Recall the procedure for performing Merge. She first chose the root for a new tree, and then recursively merged one of its subtrees with another tree and wrote down the result in place of the harvested subtree. I will deal with the case when it was necessary to merge the right subtree, the second is symmetrical. Like last time, recursion will help us a lot.

Let's make the induction hypothesis: let after the execution of the Merge on subtrees, everything is already calculated correctly in them. Then we have the following state of affairs: in the left subtree the dimensions are calculated correctly, since nobody touched him; right is also calculated correctly, because This is the result of Merge. Restore justice remains only at the root of the new tree! Well, just recalculate it before completion ( size = left.size + right.size + 1 ) , and now Merge has completely created an entire new tree, at each vertex of which is the correct size of the subtree.

The source code of the Merge will change slightly: to the recalculation line before returning the answer. It is marked with a comment.
 public void Recalc() { Size = SizeOf(Left) + SizeOf(Right) + 1; } public static Treap Merge(Treap L, Treap R) { if (L == null) return R; if (R == null) return L; Treap answer; if (Ly > Ry) { var newR = Merge(L.Right, R); answer = new Treap(Lx, Ly, L.Left, newR); } else { var newL = Merge(L, R.Left); answer = new Treap(Rx, Ry, newL, R.Right); } answer.Recalc(); // ! return answer; } 

Exactly the same situation awaits us with the operation Split, which is also based on a recursive call. Let me remind you: here, depending on the key value in the root of the tree, we recursively divided according to the specified key either the left or right subtree of the original, and one of the results was hung back, and the second was returned separately. Again, let for the sake of uniqueness, we recursively divide T.Right.

The familiar induction hypothesis - let the recursive calls Split calculate everything correctly - it will help us this time too. Then the dimensions in T.Left are correct - nobody touched them; dimensions in L 'are correct - this is the left result Split; dimensions in R 'are correct - this is the right result of the split. Before completion, justice must be restored at the root (x; y) of the future L tree - and the answer is ready.

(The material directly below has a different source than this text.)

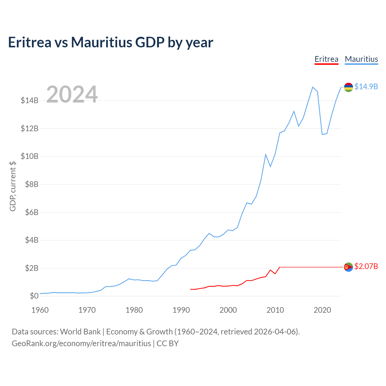 Eritrea has a GDP of $2.07B compared to $14.9B for Mauritius, ranking 179/197 and 143/197 by economy size, respectively.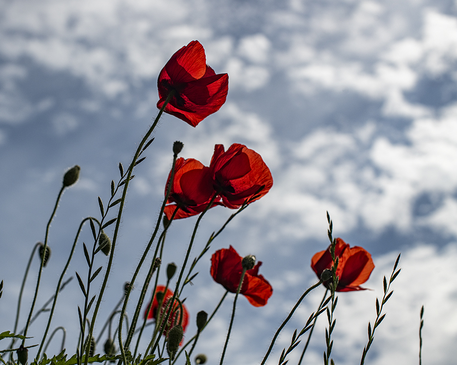 Red poppies are abundant in Georgetown this week. A few days ago, I didn’t see many, but recent rain has brought them to us in a big way. These photos were taken this weekend at Edwards Park, a little pocket park a couple blocks east of the town square. The young lady in the opening photo caressed and sniffed a few, but her grandmother reminded her not to pick them. The Red Poppy Festival, normally held in the spring, has been moved to October because of the pandemic. The poppies, however, don’t wait.

The source code of the new Split, in which the two added lines recalculate the Size value in the root L or R, depending on the variant.
 public void Recalc() { Size = SizeOf(Left) + SizeOf(Right) + 1; } public void Split(int x, out Treap L, out Treap R) { Treap newTree = null; if (this.x <= x) { if (Right == null) R = null; else Right.Split(x, out newTree, out R); L = new Treap(this.x, y, Left, newTree); L.Recalc(); //   L! } else { if (Left == null) L = null; else Left.Split(x, out L, out newTree); R = new Treap(this.x, y, newTree, Right); R.Recalc(); //   R! } } 

The “restoration of justice” under discussion - recalculation of the value at the top — I singled out into a separate function. This is the base line, which holds the functionality of the entire Cartesian tree. And when in the second half of the article we will have multiple multiple operations, each with its own “recovery”, it will be much more convenient to change it in one single place than throughout the entire class code. Such a function has one common property: it assumes that everything is valid in the left son, everything is valid in the right son, and on the basis of these data recalculates the parameter in the root. Thus, it is possible to support any additional parameters that are calculated from the descendants, the sizes of the subtrees are just a particular example.

Welcome to the real world

Let's go back to the real life. In it, the data that you have to store in the tree is not limited to the key alone. And with this data constantly have to make some kind of manipulation. For example, in this article I will call such a new field Duchi Cost .

So, let us at the entrance constantly receive (and sometimes delete) the keys x , and each of them is associated with the corresponding price - Cost . And you need to support in all this porridge quick requests for maximum prices. You can ask the maximum in the whole structure, but you can only on some subsegment of it: for example, the user may be interested in the maximum price for 2007 (if the keys are related to time, this can be interpreted as a maximum price request on a set of such elements, where A ≤ x < b ).

This is not a problem, because the maximum is also an excellent candidate for the function of “justice restoration”. Enough to write like this:
 public double Cost; //  public double MaxTreeCost; public static double CostOf(Treap treap) { return treap == null ? double.NegativeInfinity : treap.MaxTreeCost; } public void Recalc() { MaxTreeCost = Math.Max(Cost, Math.Max(CostOf(Left), CostOf(Right))); } 

The same situation with the minimum, and with the sum, and with some Boolean characteristics of the element (the so-called "coloring" or "marked"). For example:
 //  public double SumTreeCost; public static double CostOf(Treap treap) { return treap == null ? 0 : treap.SumTreeCost; } public void Recalc() { SumTreeCost = Cost + CostOf(Left) + CostOf(Right); } 

 public bool Marked; //  public bool TreeHasMarked; public static bool MarkedOf(Treap treap) { return treap == null ? false : treap.TreeHasMarked; } public void Recalc() { TreeHasMarked = Marked || MarkedOf(Left) || MarkedOf(Right); } 

The only thing to remember in such cases is to initialize these parameters in the constructor when creating new individual vertices.
As they would say in the functional world, we are performing to some extent the convolution of a tree.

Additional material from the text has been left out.